Snipaste_2023-04-24_16-15-37

I don't know how to solve it and I am looking forward to your reply.

In addition, I would like to ask if you have achieved 100% safety purely relying on reinforcement learning. I found in the highway documentation that you use DQN from stable_baselines3 to make decisions, but there are no related performance indicators such as collision rate and average speed.

So I would like to ask if it is feasible to rely solely on reinforcement learning to achieve automatic driving decision-making.

eleurent commented 1 year ago

Hey! I pushed a fix, you can try again and let me know if this solves your issue.

In addition, I would like to ask if you have achieved 100% safety purely relying on reinforcement learning. I found in the highway documentation that you use DQN from stable_baselines3 to make decisions, but there are no related performance indicators such as collision rate and average speed. So I would like to ask if it is feasible to rely solely on reinforcement learning to achieve automatic driving decision-making.

In my own experience, yes it is feasible to achieve "100% safety" (as evidenced by an empirical 0 collision out of some number of episodes, not a proof per se) especially in simplified simulated domains like highway-env. The real world is another beast. And of course, it also depends on a number of factors and design choices: what to use for observations, for actions, the reward function (usually a safety vs efficiency tradeoff is involved here), the network architecture, the high level algorithm, the implementation, etc. I refer to stable_baselines3 in the docs because it is a strictly better library than this one (better maintained, lets of algorithms, wide community), but I mostly experimented with rl-agents. You can look at my PhD publications for more details. Unfortunately I focused mostly on reward maximisation which aggregates safety metrics like collisions vs efficiency metrics like speed, and I did not always provide a table distinguishing the two, which I agree would have been a great idea.

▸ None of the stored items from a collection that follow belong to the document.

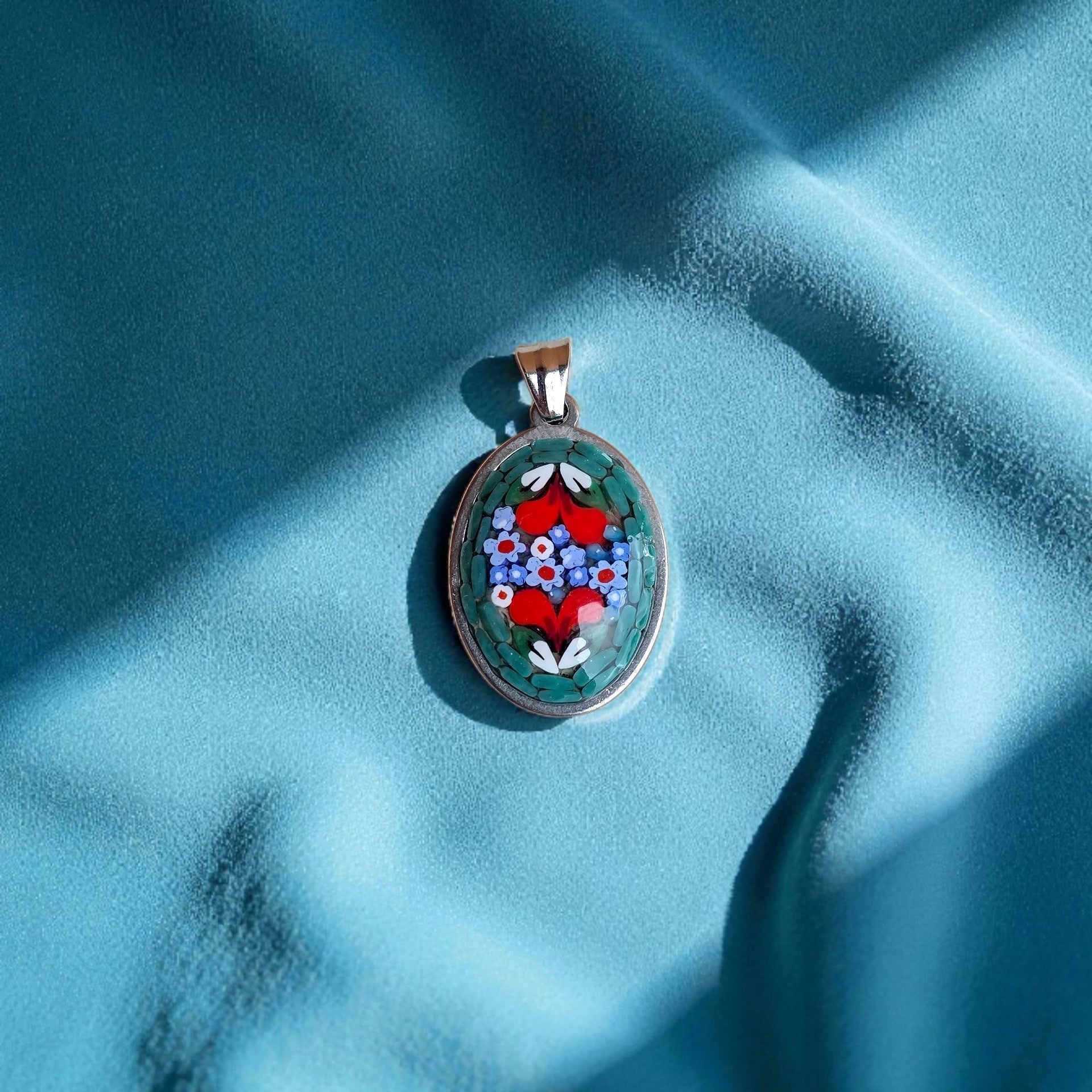 Ciondolino ovale realizzato completamente a mano, partendo dalla tecnica antica del micromosaico romano.
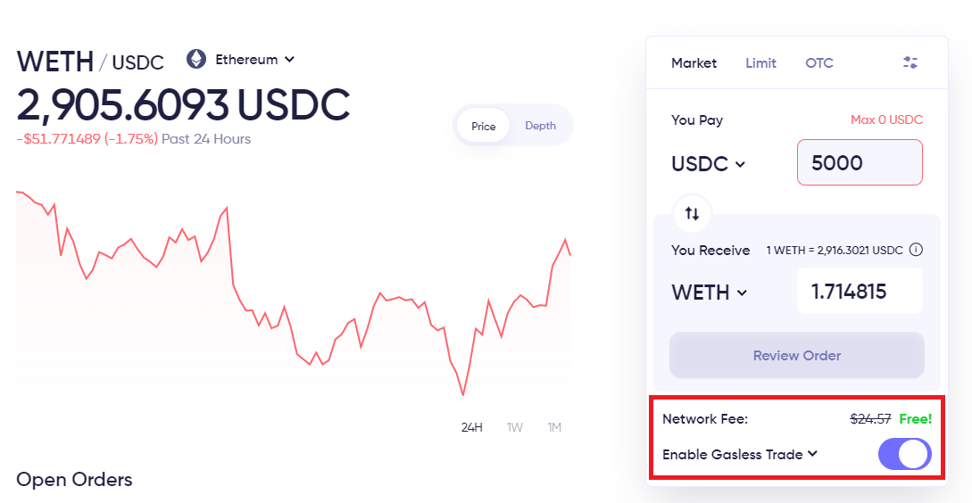 ④ 화면 하단에 보이는 Gasless Trading 옵션을 활성화합니다
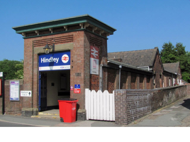 his station was opened on 20 November 1848 and was originally named Hindley. It was renamed Hindley North on 1 July 1950 to differentiate it from Hindley South station on the line from Wigan Central to Glazebrook. Hindley South closed in November 1964, and Hindley North was renamed Hindley on 6 May 1968. There were also stations serving Hindley at Platt Bridge and at Hindley Green (both closed in 1961) on the line from Wigan North Western to Manchester Exchange, the residual "fast local" and express passenger service ceasing on 1 January 1968. At Hindley there are now two platforms in use, with the overgrown remains of two further platforms (for the fast lines taken out of use on 21 November 1965.)
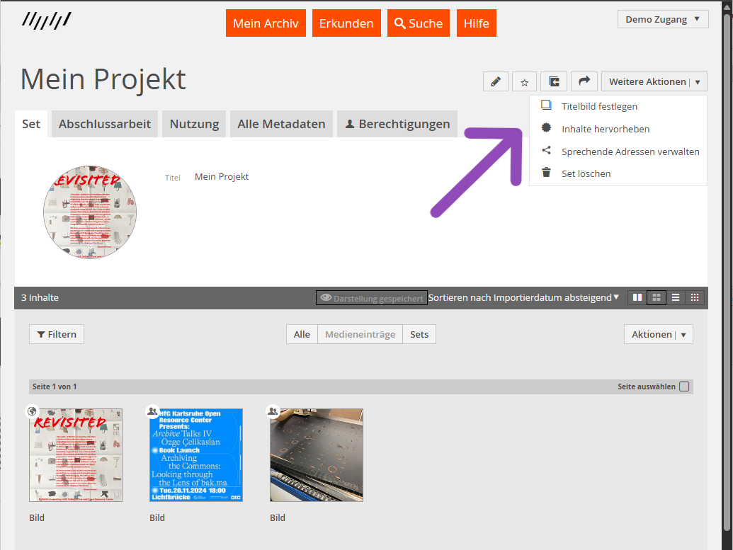 If you have added the media entries to your project set and open your project set, you can use the “More actions” button to define the cover image of the project set and highlight particularly important entries.

zh1114haoshen commented 1 year ago

Hello, I have updated the latest rl-agents and found that some dependencies are not supported. After the update and rerun, it still cannot work. Firstly, there is no seed in the environment. noseed myseed

After adding a seed, it prompts that there is no seeding. I don't know how to modify it next. noseeding

eleurent commented 1 year ago

Hi, sorry about that, there was indeed another bug, it should be fixed now (the new api is env.reset(seed) and not env.seed()). You can remove the seed() you added, upgrade and try again.